Each record must be reproduced exactly as it is shown.

··· Exercise data

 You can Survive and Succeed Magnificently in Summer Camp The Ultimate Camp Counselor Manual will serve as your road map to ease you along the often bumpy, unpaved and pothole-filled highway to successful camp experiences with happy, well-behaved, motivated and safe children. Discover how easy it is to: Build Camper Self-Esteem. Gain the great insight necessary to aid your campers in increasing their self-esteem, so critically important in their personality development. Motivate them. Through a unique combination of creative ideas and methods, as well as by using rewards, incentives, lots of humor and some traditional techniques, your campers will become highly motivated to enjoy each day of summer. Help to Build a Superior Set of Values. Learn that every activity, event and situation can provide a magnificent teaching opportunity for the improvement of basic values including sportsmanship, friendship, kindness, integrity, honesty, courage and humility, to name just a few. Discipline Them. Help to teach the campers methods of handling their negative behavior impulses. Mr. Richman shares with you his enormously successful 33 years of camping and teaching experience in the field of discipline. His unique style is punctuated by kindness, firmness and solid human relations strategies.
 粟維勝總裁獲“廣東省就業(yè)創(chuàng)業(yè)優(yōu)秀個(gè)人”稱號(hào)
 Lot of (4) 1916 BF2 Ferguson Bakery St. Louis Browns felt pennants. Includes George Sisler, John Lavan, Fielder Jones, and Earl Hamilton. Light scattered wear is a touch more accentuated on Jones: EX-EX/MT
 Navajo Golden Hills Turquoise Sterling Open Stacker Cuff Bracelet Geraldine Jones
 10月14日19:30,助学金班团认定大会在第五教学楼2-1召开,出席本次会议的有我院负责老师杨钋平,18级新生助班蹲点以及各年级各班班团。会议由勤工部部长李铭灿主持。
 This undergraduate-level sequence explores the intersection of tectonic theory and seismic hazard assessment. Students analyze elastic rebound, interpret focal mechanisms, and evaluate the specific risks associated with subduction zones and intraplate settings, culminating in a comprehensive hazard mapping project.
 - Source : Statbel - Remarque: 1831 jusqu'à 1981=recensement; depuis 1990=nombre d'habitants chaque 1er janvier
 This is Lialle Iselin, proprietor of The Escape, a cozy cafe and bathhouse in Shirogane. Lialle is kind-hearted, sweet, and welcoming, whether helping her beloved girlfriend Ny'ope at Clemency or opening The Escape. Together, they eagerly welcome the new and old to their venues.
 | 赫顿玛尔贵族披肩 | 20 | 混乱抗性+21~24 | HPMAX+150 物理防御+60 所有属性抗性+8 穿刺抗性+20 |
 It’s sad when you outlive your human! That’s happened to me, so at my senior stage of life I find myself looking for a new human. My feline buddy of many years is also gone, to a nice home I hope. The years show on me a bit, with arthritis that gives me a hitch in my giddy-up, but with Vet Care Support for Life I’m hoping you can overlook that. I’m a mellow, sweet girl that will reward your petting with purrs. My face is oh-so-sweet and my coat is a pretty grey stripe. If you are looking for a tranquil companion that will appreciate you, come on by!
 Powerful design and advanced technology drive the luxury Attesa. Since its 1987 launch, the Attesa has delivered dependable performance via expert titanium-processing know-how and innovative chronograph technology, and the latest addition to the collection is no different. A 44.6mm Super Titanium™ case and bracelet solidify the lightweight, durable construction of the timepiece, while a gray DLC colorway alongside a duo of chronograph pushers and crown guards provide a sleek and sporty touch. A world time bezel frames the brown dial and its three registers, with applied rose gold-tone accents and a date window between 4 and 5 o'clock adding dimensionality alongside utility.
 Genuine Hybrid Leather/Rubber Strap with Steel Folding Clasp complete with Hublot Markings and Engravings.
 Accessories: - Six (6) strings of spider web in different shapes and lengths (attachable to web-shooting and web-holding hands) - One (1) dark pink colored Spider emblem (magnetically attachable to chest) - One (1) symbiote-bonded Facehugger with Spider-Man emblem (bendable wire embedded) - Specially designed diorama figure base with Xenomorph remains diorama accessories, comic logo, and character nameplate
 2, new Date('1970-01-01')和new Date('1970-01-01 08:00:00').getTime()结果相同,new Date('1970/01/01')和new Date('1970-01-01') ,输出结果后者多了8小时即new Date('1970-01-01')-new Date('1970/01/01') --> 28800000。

······

Completed task:
 You can Survive and Succeed Magnificently in Summer Camp The Ultimate Camp Counselor Manual will serve as your road map to ease you along the often bumpy, unpaved and pothole-filled highway to successful camp experiences with happy, well-behaved, motivated and safe children. Discover how easy it is to: Build Camper Self-Esteem. Gain the great insight necessary to aid your campers in increasing their self-esteem, so critically important in their personality development. Motivate them. Through a unique combination of creative ideas and methods, as well as by using rewards, incentives, lots of humor and some traditional techniques, your campers will become highly motivated to enjoy each day of summer. Help to Build a Superior Set of Values. Learn that every activity, event and situation can provide a magnificent teaching opportunity for the improvement of basic values including sportsmanship, friendship, kindness, integrity, honesty, courage and humility, to name just a few. Discipline Them. Help to teach the campers methods of handling their negative behavior impulses. Mr. Richman shares with you his enormously successful 33 years of camping and teaching experience in the field of discipline. His unique style is punctuated by kindness, firmness and solid human relations strategies.
 粟維勝總裁獲“廣東省就業(yè)創(chuàng)業(yè)優(yōu)秀個(gè)人”稱號(hào)
 Lot of (4) 1916 BF2 Ferguson Bakery St. Louis Browns felt pennants. Includes George Sisler, John Lavan, Fielder Jones, and Earl Hamilton. Light scattered wear is a touch more accentuated on Jones: EX-EX/MT
 Navajo Golden Hills Turquoise Sterling Open Stacker Cuff Bracelet Geraldine Jones
 10月14日19:30,助学金班团认定大会在第五教学楼2-1召开,出席本次会议的有我院负责老师杨钋平,18级新生助班蹲点以及各年级各班班团。会议由勤工部部长李铭灿主持。
 This undergraduate-level sequence explores the intersection of tectonic theory and seismic hazard assessment. Students analyze elastic rebound, interpret focal mechanisms, and evaluate the specific risks associated with subduction zones and intraplate settings, culminating in a comprehensive hazard mapping project.
 - Source : Statbel - Remarque: 1831 jusqu'à 1981=recensement; depuis 1990=nombre d'habitants chaque 1er janvier
 This is Lialle Iselin, proprietor of The Escape, a cozy cafe and bathhouse in Shirogane. Lialle is kind-hearted, sweet, and welcoming, whether helping her beloved girlfriend Ny'ope at Clemency or opening The Escape. Together, they eagerly welcome the new and old to their venues.
 | 赫顿玛尔贵族披肩 | 20 | 混乱抗性+21~24 | HPMAX+150 物理防御+60 所有属性抗性+8 穿刺抗性+20 |
 It’s sad when you outlive your human! That’s happened to me, so at my senior stage of life I find myself looking for a new human. My feline buddy of many years is also gone, to a nice home I hope. The years show on me a bit, with arthritis that gives me a hitch in my giddy-up, but with Vet Care Support for Life I’m hoping you can overlook that. I’m a mellow, sweet girl that will reward your petting with purrs. My face is oh-so-sweet and my coat is a pretty grey stripe. If you are looking for a tranquil companion that will appreciate you, come on by!
 Powerful design and advanced technology drive the luxury Attesa. Since its 1987 launch, the Attesa has delivered dependable performance via expert titanium-processing know-how and innovative chronograph technology, and the latest addition to the collection is no different. A 44.6mm Super Titanium™ case and bracelet solidify the lightweight, durable construction of the timepiece, while a gray DLC colorway alongside a duo of chronograph pushers and crown guards provide a sleek and sporty touch. A world time bezel frames the brown dial and its three registers, with applied rose gold-tone accents and a date window between 4 and 5 o'clock adding dimensionality alongside utility.
 Genuine Hybrid Leather/Rubber Strap with Steel Folding Clasp complete with Hublot Markings and Engravings.
 Accessories: - Six (6) strings of spider web in different shapes and lengths (attachable to web-shooting and web-holding hands) - One (1) dark pink colored Spider emblem (magnetically attachable to chest) - One (1) symbiote-bonded Facehugger with Spider-Man emblem (bendable wire embedded) - Specially designed diorama figure base with Xenomorph remains diorama accessories, comic logo, and character nameplate
 2, new Date('1970-01-01')和new Date('1970-01-01 08:00:00').getTime()结果相同,new Date('1970/01/01')和new Date('1970-01-01') ,输出结果后者多了8小时即new Date('1970-01-01')-new Date('1970/01/01') --> 28800000。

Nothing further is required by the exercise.